---------- DATA
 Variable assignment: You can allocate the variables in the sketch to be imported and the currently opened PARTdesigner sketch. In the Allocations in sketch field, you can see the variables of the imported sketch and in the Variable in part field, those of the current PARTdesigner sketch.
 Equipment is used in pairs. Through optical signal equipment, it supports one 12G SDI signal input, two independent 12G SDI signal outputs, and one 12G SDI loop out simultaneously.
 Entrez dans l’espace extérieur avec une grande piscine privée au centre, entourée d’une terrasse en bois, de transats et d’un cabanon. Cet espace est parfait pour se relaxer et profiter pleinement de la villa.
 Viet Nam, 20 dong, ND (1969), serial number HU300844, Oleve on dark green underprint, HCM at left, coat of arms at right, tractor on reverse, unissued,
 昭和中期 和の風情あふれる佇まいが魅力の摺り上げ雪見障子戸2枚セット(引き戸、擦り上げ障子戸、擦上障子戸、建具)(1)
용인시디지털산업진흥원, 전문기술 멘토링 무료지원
--------------------
---------- DATA
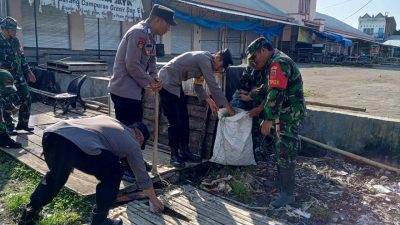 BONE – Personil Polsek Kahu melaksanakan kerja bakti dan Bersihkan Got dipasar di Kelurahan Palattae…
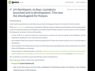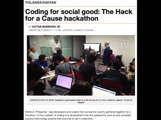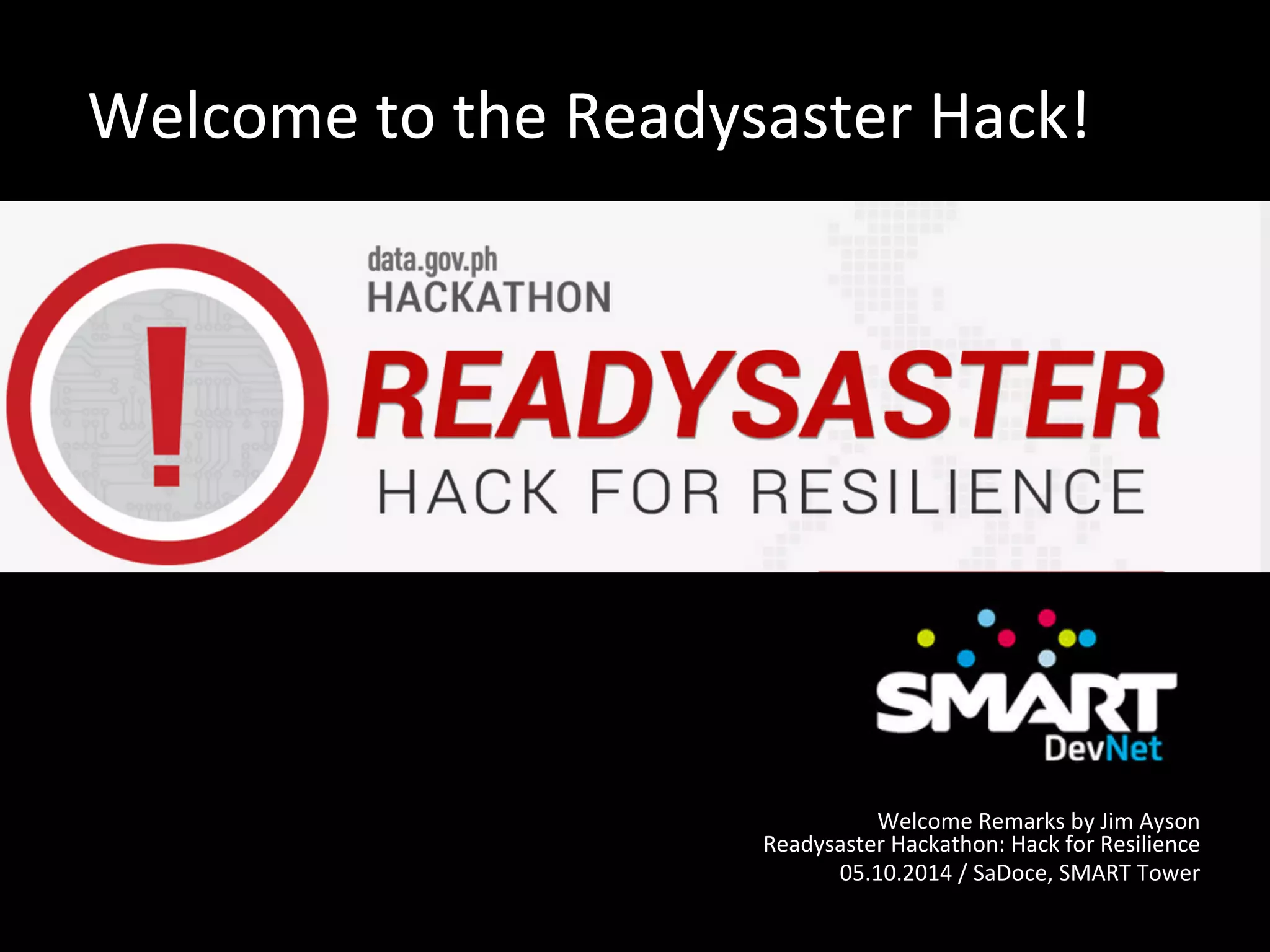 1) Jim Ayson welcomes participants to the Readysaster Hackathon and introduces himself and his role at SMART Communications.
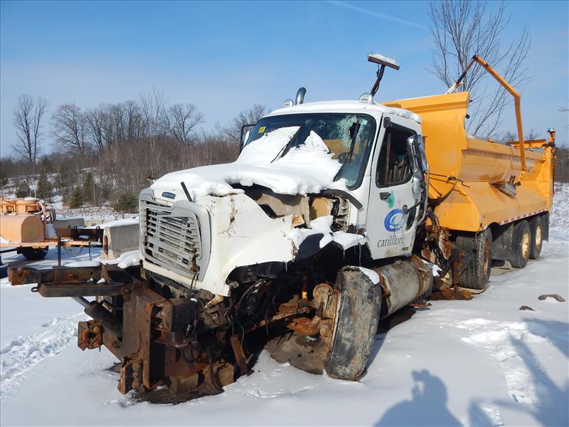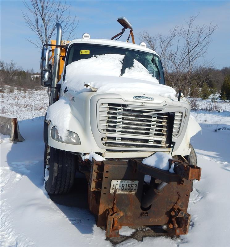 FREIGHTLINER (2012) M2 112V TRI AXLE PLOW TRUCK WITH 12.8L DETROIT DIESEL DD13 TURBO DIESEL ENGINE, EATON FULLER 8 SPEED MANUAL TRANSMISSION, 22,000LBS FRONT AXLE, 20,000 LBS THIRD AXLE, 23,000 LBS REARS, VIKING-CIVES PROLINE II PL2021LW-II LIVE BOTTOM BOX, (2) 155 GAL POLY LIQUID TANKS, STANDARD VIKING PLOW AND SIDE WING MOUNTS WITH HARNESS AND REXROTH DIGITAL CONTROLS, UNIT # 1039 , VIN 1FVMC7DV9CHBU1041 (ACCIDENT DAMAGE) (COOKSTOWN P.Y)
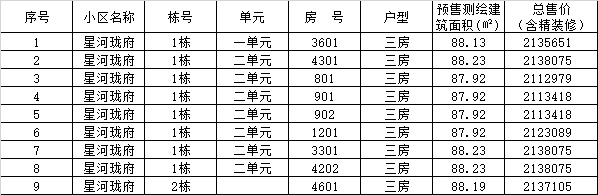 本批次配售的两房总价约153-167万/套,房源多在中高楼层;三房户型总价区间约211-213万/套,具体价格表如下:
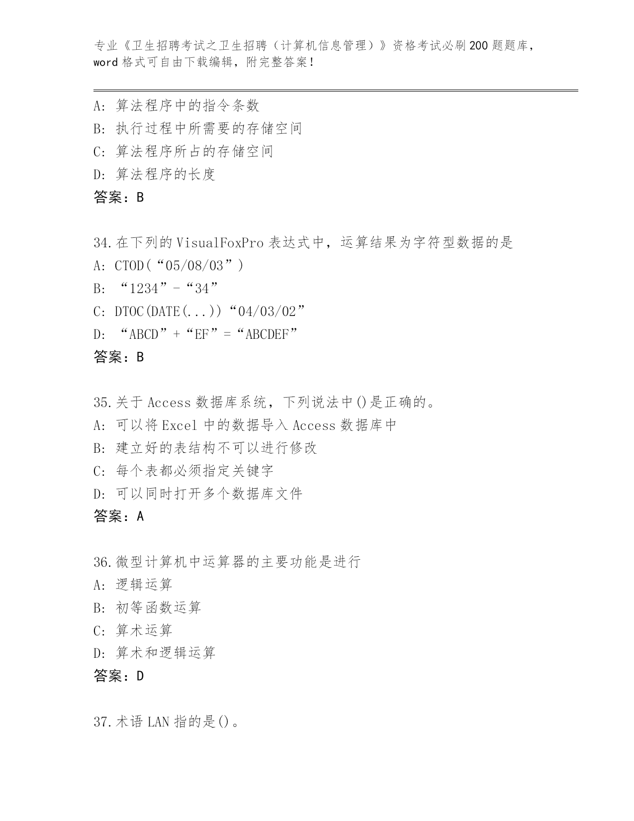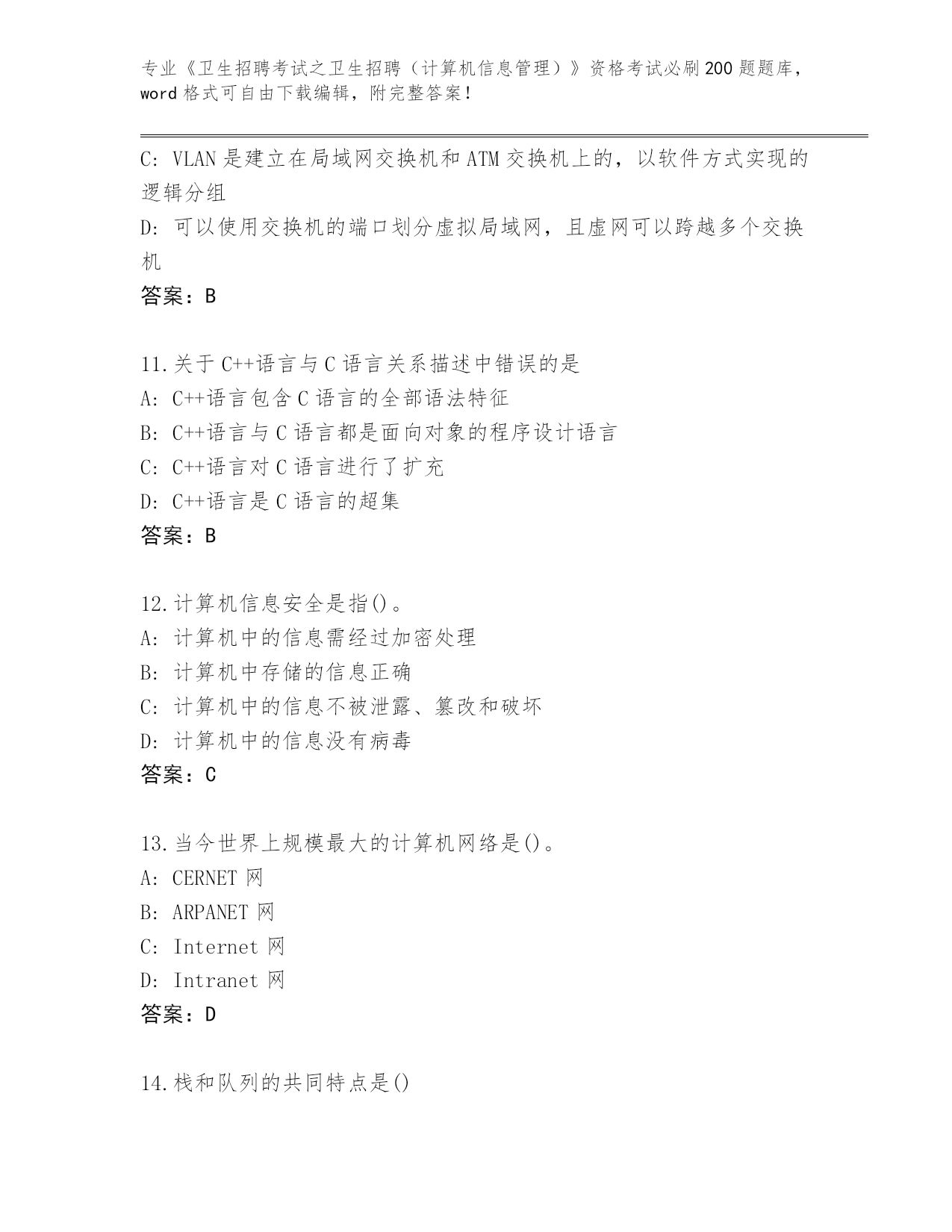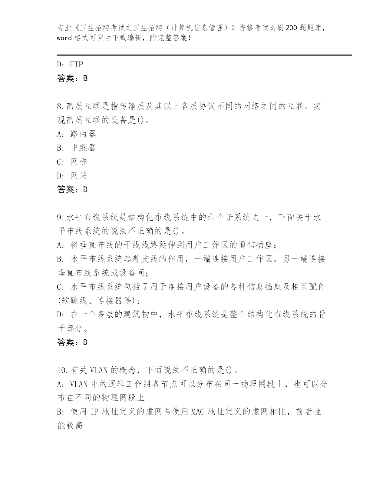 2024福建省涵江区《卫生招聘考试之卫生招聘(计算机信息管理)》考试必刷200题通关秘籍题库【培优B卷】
--------------------
DESCRIPTION OF THE TASK
Find "Variable assignment: You" in the entries above and copy that whole line exactly, then each line after it through the line that contains "昭和中期 和の風情あふれる佇".

WRITTEN RESPONSE
 Variable assignment: You can allocate the variables in the sketch to be imported and the currently opened PARTdesigner sketch. In the Allocations in sketch field, you can see the variables of the imported sketch and in the Variable in part field, those of the current PARTdesigner sketch.
 Equipment is used in pairs. Through optical signal equipment, it supports one 12G SDI signal input, two independent 12G SDI signal outputs, and one 12G SDI loop out simultaneously.
 Entrez dans l’espace extérieur avec une grande piscine privée au centre, entourée d’une terrasse en bois, de transats et d’un cabanon. Cet espace est parfait pour se relaxer et profiter pleinement de la villa.
 Viet Nam, 20 dong, ND (1969), serial number HU300844, Oleve on dark green underprint, HCM at left, coat of arms at right, tractor on reverse, unissued,
 昭和中期 和の風情あふれる佇まいが魅力の摺り上げ雪見障子戸2枚セット(引き戸、擦り上げ障子戸、擦上障子戸、建具)(1)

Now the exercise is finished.